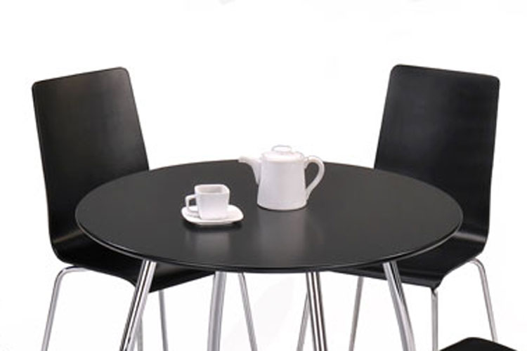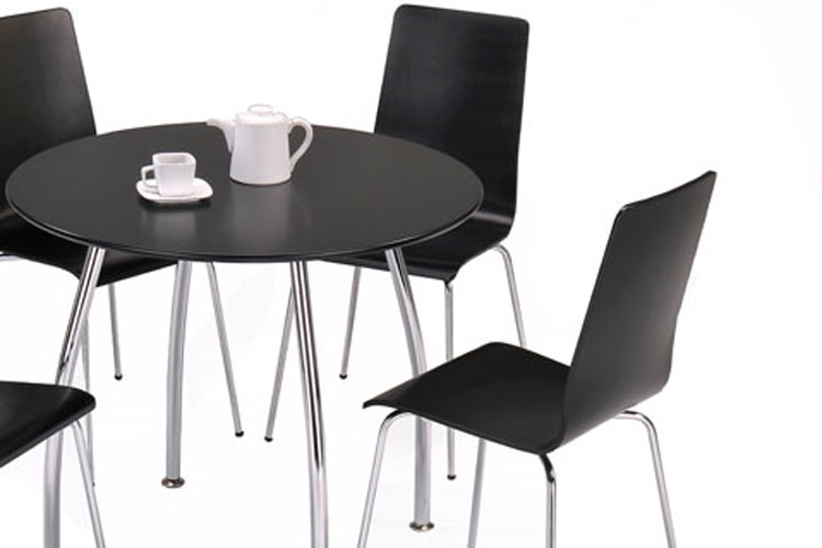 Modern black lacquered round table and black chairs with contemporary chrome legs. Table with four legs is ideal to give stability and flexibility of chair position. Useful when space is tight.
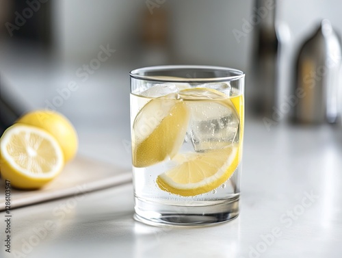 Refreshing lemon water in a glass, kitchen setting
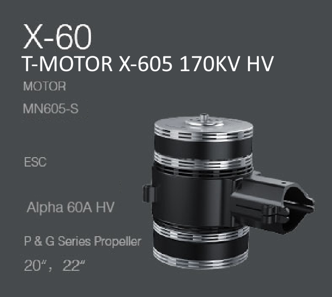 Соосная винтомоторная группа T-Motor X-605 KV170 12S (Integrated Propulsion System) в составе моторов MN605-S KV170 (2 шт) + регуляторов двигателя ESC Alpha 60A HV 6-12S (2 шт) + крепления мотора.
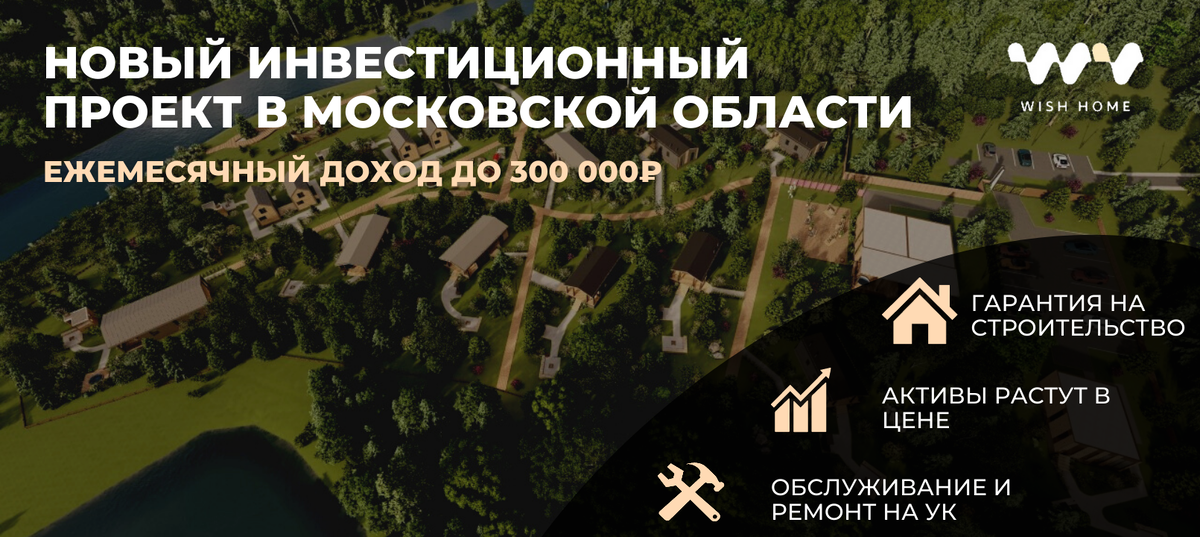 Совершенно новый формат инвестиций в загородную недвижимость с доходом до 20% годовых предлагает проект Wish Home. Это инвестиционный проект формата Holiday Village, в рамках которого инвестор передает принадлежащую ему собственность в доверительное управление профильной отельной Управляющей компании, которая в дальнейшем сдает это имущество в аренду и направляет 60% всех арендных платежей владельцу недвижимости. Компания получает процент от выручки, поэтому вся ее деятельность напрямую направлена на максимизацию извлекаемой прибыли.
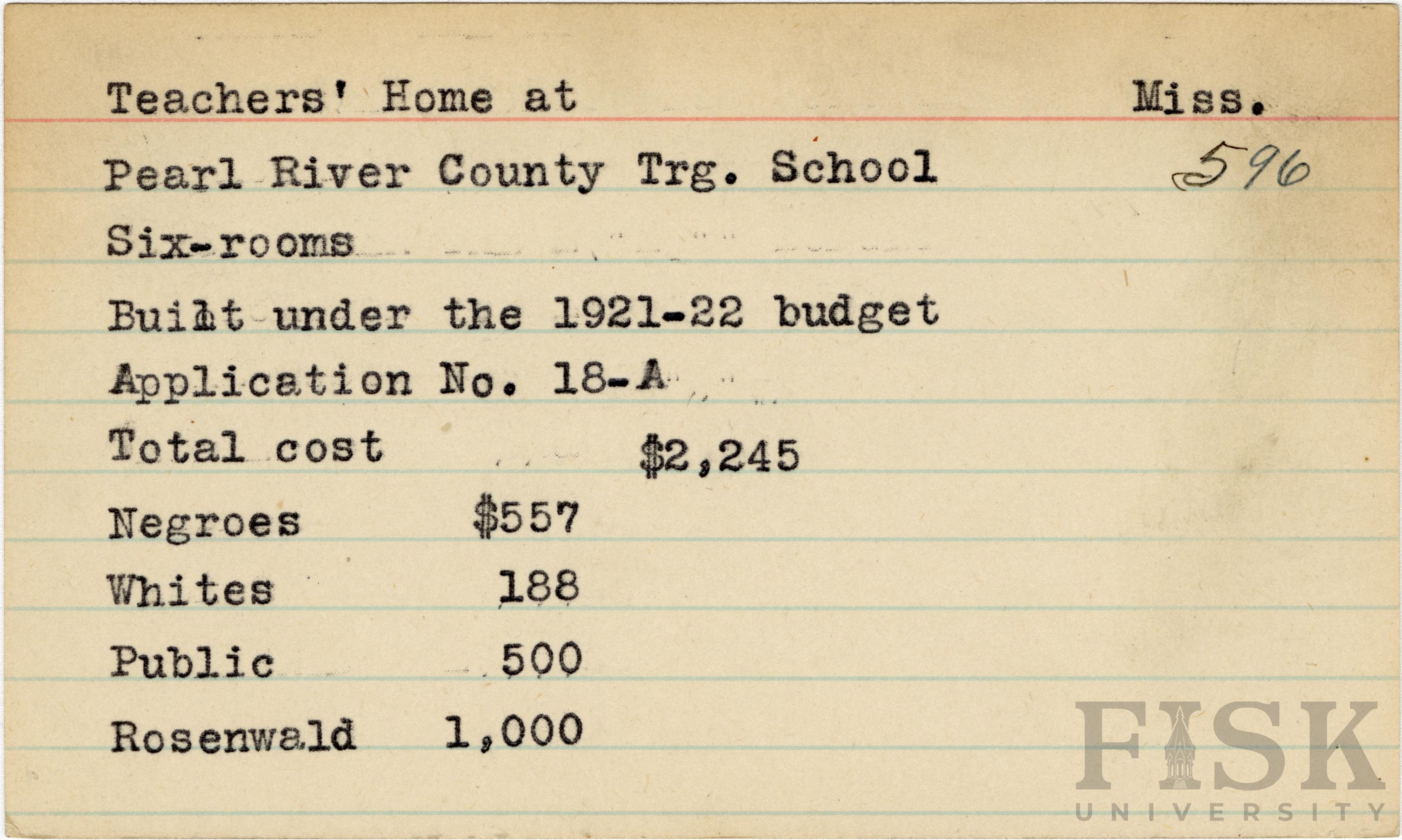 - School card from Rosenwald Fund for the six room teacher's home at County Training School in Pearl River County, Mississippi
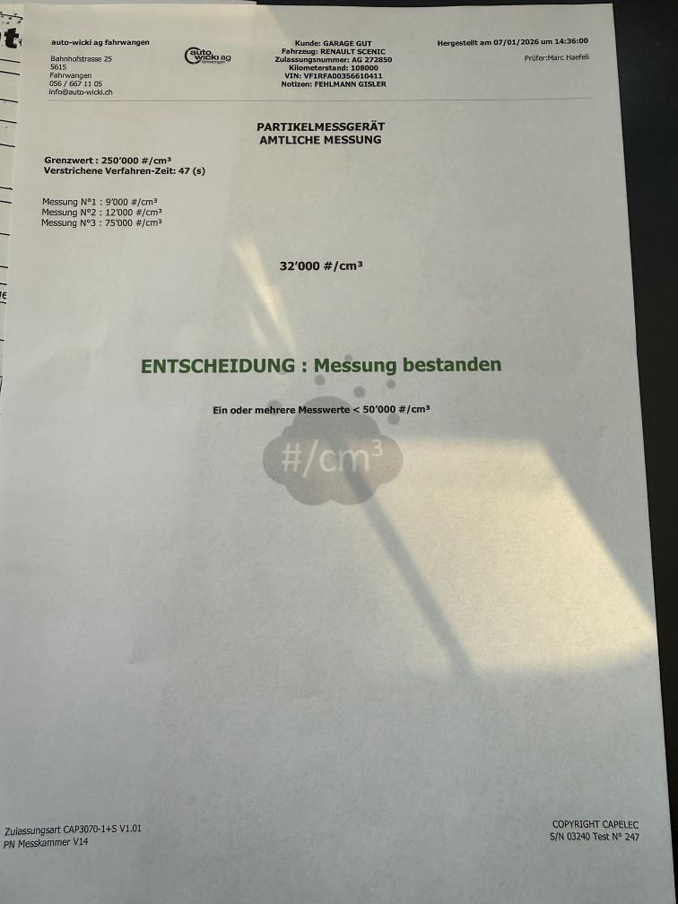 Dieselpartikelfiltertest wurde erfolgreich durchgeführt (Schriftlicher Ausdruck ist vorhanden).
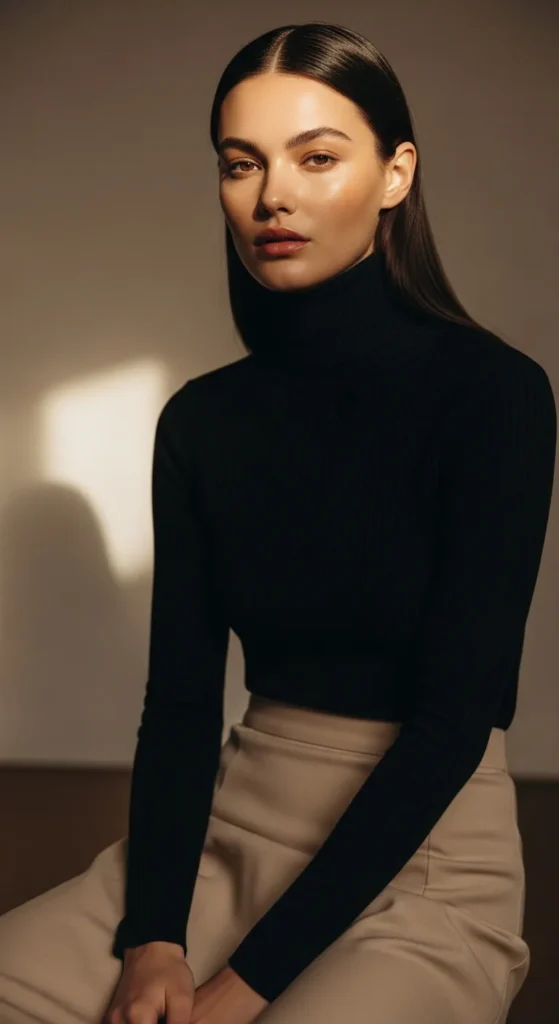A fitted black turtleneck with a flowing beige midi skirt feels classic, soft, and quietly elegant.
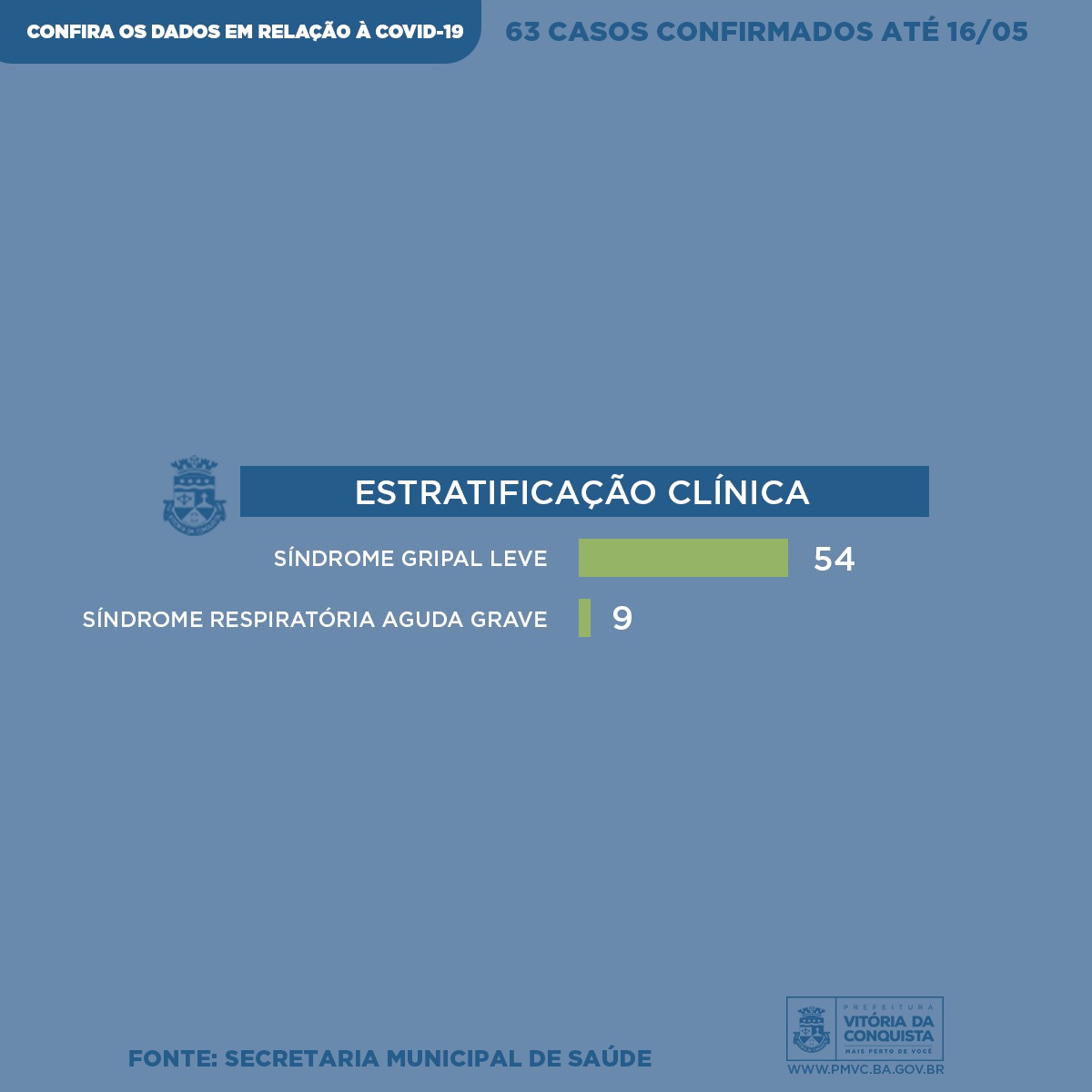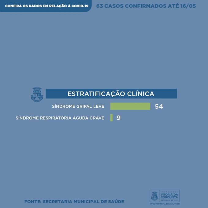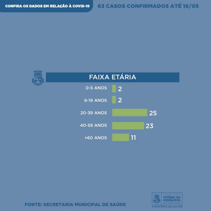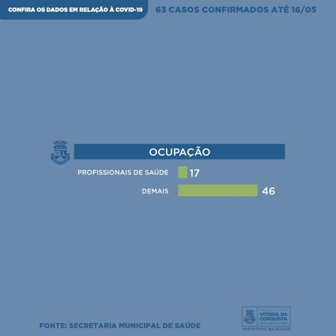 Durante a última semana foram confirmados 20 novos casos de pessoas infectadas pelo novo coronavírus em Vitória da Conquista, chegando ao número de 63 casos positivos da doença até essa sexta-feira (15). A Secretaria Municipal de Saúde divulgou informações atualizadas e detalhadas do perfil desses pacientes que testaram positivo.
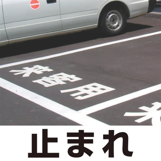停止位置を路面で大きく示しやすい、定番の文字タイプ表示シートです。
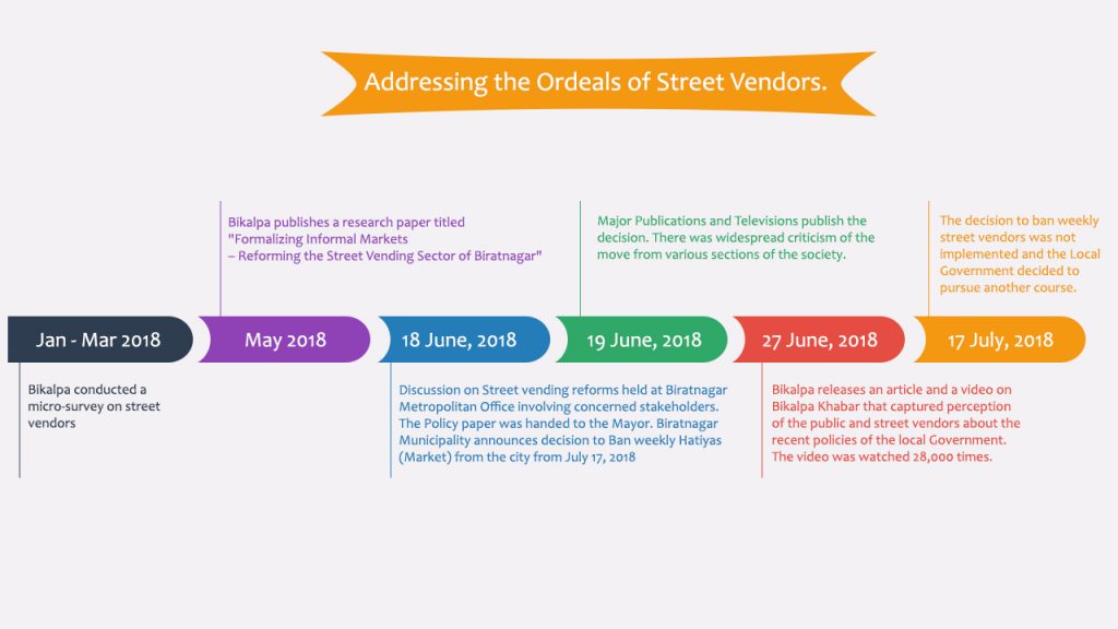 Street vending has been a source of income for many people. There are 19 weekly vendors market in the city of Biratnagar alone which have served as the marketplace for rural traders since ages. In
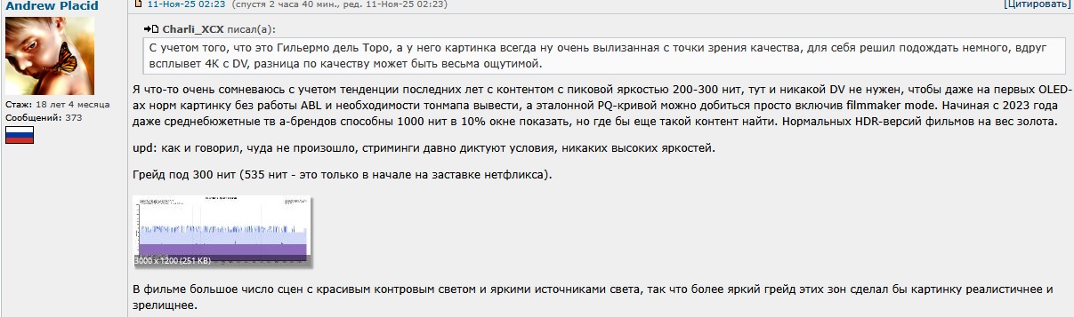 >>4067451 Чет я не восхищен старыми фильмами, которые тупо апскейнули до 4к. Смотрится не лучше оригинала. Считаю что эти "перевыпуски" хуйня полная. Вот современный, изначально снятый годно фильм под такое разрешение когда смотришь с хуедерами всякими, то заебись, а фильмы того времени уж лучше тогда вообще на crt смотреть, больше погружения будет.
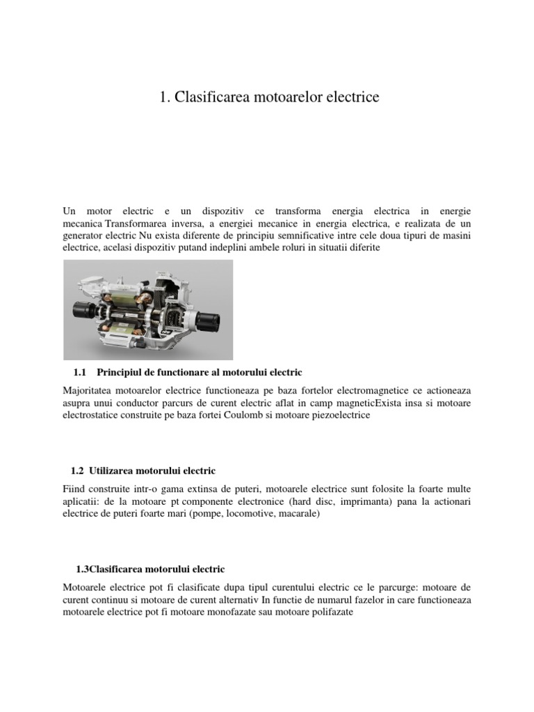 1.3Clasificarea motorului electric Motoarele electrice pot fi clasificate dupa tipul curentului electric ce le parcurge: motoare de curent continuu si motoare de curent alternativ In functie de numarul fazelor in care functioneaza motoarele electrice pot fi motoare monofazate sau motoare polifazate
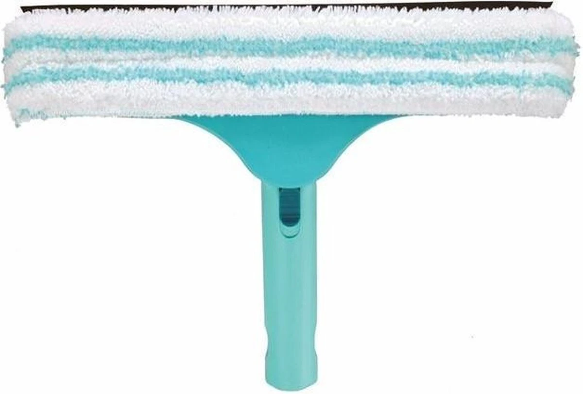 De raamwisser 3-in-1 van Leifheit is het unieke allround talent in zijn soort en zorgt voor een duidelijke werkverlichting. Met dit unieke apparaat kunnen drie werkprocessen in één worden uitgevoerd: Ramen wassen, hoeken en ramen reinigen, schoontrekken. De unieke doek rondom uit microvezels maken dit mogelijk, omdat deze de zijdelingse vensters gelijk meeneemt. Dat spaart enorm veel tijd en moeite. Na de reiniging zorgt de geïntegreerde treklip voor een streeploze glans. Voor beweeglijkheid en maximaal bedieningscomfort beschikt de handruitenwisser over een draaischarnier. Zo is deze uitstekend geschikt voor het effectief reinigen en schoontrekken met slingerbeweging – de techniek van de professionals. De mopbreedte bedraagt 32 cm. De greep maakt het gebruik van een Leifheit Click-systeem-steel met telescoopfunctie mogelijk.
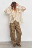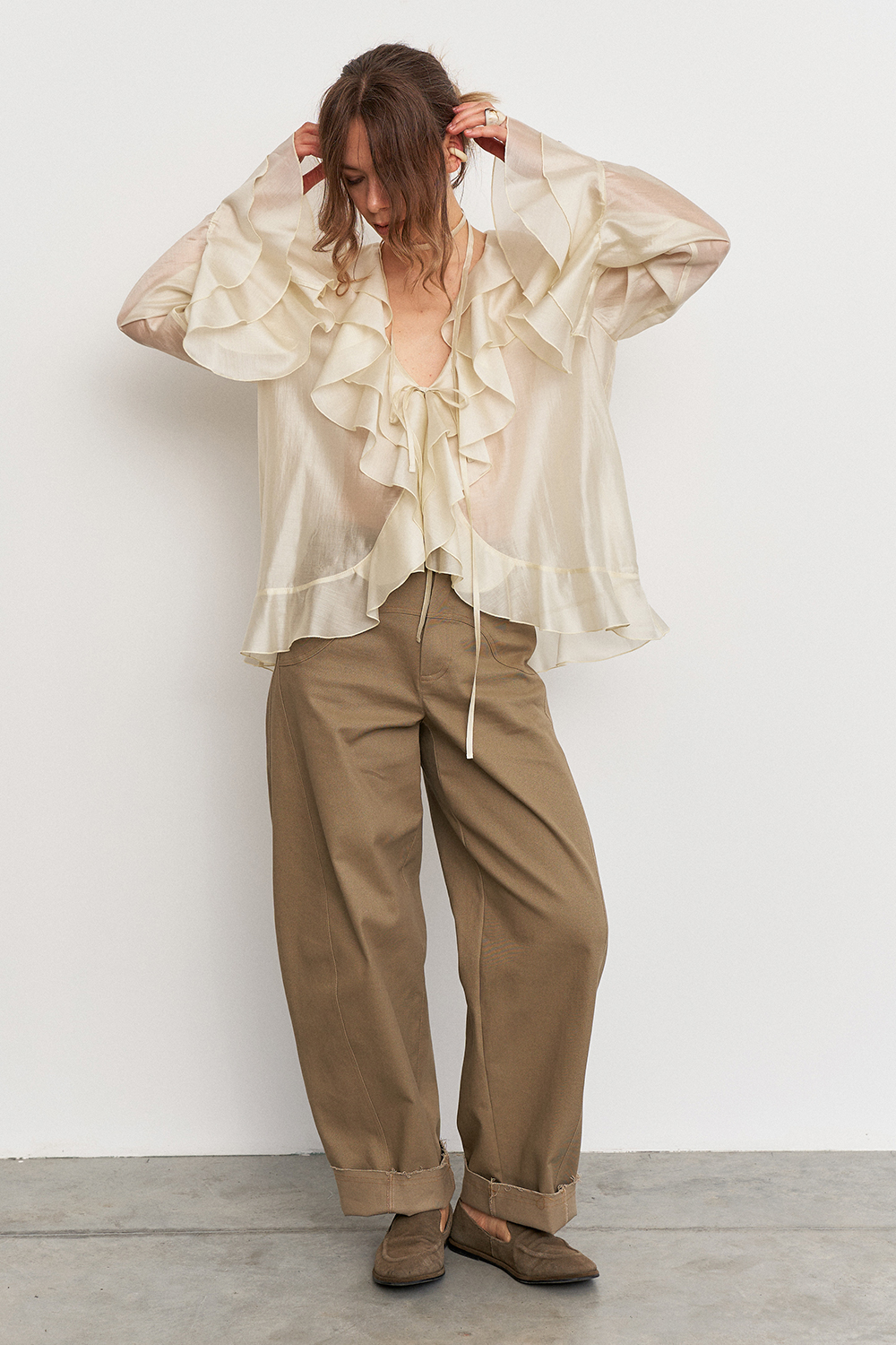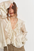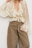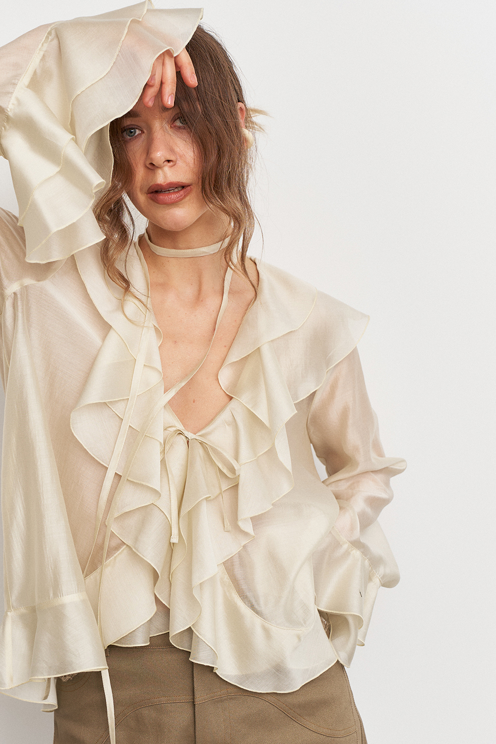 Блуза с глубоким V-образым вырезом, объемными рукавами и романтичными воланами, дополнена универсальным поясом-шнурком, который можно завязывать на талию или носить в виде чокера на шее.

-.-.-

**WHAT TO PRODUCE**
I would like the exact lines from the data above, starting with the one that holds "停止位置を路面で大きく示しやすい、定番の文字タイプ表示シートです。" and going on through the one that holds "Street vending has", without the pictures.

**TASK OUTPUT**
停止位置を路面で大きく示しやすい、定番の文字タイプ表示シートです。
 Street vending has been a source of income for many people. There are 19 weekly vendors market in the city of Biratnagar alone which have served as the marketplace for rural traders since ages. In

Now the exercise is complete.